🤖 AI Summary
Existing bounded-rational decision models—based on entropy, KL divergence, or mutual information—fail to capture action-space locality, prior biases, and zero-support distributions in ordinal action spaces. Method: This paper introduces the Wasserstein distance into bounded-rational reinforcement learning, proposing a novel decision-theoretic framework explicitly designed for ordinal action spaces. The framework naturally encodes action “stickiness” and geometric proximity, accommodates asymmetric supports, zero-probability priors, and asymmetric ground distances, and enables tractable optimization via constrained variational inference.
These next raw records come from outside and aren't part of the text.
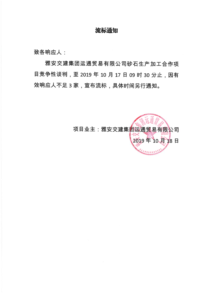 雅安交建集團運通貿(mào)易有限公司砂石生產(chǎn)加工合作項目流標(biāo)通知
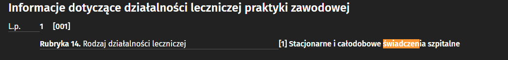 b. Dla Praktyki Lekarskiej / Gabinetu - Wartość kodu V zależy od formy wykonywania zawodu, identyfikujący świadczenia. Zgodnie z wytycznymi Izb Lekarskich W sekcji "Informacje dotyczące działalności leczniczej" w RPWDL2 - Kod w nawiasie (np. [001] lub [99]) to kod resortoy V - najczęściej zawiera wartość 01 lub kody z przedziału 93-99. Przykładowy widok: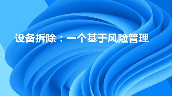 摘要设备拆除一直是一个风险高、技术难度大的行业。本文介绍了基于风险管理的完美方案,突出了风险管理的重要性。通过对巴洛仕集团化工拆除一站式解决方案的案例分析,介绍了水刀不动火拆除技术的应用、油罐拆除、化...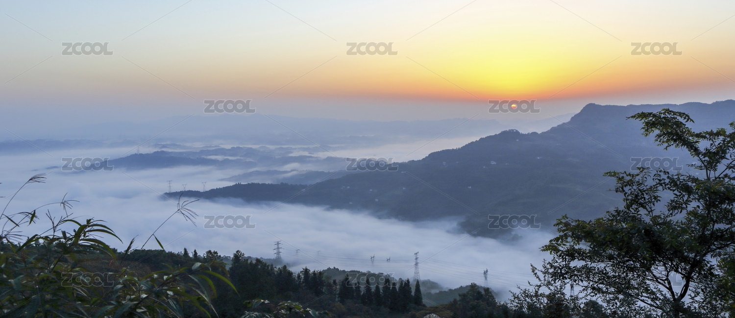 中国四川宜宾横江古镇清晨云雾缭绕的高山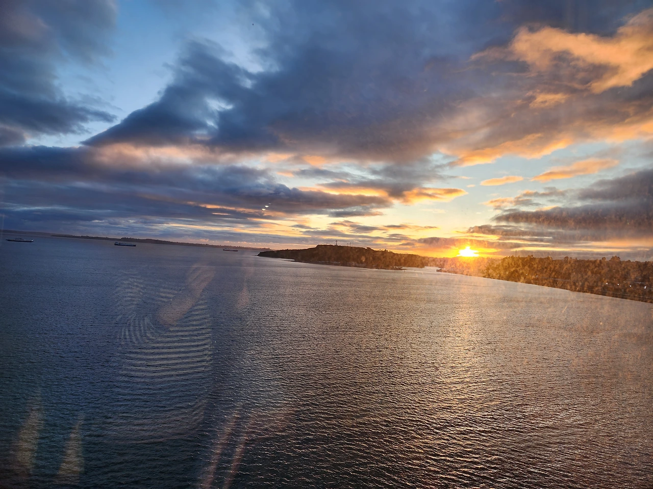 다시 푸에르토 몬트에서 연어를 노래하는 부산 아저씨네와 연어 1인분과 샐러드를 나눠먹고 돌아온 저녁, 노보텔 호텔에서 지는 태양을 바라다보다.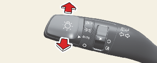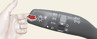 W celu włączenia świateł drogowych popchnąć dźwignię w kierunku od siebie (światła mijania muszą być włączone). Przyciągnąć do siebie w celu włączenia świateł mijania.
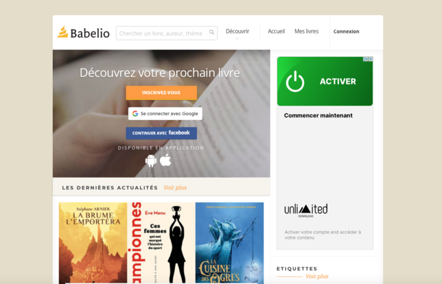 Le site de recherche bibliographique Babelio - Photo Capture d'écran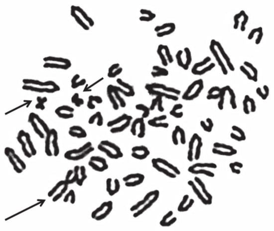 Genetic deletions and duplications have been reported in several studies using genomic approaches and have rarely been reported as chromosome abnormalities. This is probably due to the harmful effects of large genomic losses (deletions) or gains (duplications). These conditions can cause the death of embryos in early embryonic life, especially chromosome deletions. Among the few reported cases of chromosome deletions, only two involved an autosome: the first one in an infertile cow [246] and another one, more recently, in a female calf with several anatomic defects (head asymmetry, relocation of the frontal sinus and eye orbits, hypoplastic thymus without neck part, ductus Botalli, unfinished obliteration in umbilical arteries, and a bilateral series of tooth germs in the temporal region) [247]. In this case, mosaic cells were observed, of which 92% were normal (2n = 60, XX) and 8% abnormal (2n = 60, XX+ mar) due to the presence of a small marker chromosome showing only the centromere and a proximal part due to the deletion of the remaining material [247].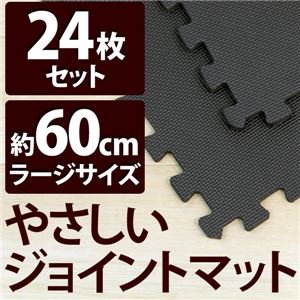 やさしいジョイントマット 約4.5畳(24枚入)本体 ラージサイズ(60cm×60cm) ブラック(黒)単色 〔大判 クッションマット 床暖房対応 赤ちゃんマット〕

Contribution/Results: Experiments demonstrate that the model significantly improves policy interpretability and robustness. It accurately captures action-switching inertia and sensitivity to prior beliefs in simulation, offering a more empirically grounded, information-theoretic paradigm for ordinal decision-making under bounded rationality.
📝 Abstract
Modelling bounded rational decision-making through information constrained processing provides a principled approach for representing departures from rationality within a reinforcement learning framework, while still treating decision-making as an optimization process. However, existing approaches are generally based on Entropy, Kullback-Leibler divergence, or Mutual Information. In this work, we highlight issues with these approaches when dealing with ordinal action spaces. Specifically, entropy assumes uniform prior beliefs, missing the impact of a priori biases on decision-makings. KL-Divergence addresses this, however, has no notion of"nearness"of actions, and additionally, has several well known potentially undesirable properties such as the lack of symmetry, and furthermore, requires the distributions to have the same support (e.g. positive probability for all actions). Mutual information is often difficult to estimate. Here, we propose an alternative approach for modeling bounded rational RL agents utilising Wasserstein distances. This approach overcomes the aforementioned issues. Crucially, this approach accounts for the nearness of ordinal actions, modeling"stickiness"in agent decisions and unlikeliness of rapidly switching to far away actions, while also supporting low probability actions, zero-support prior distributions, and is simple to calculate directly.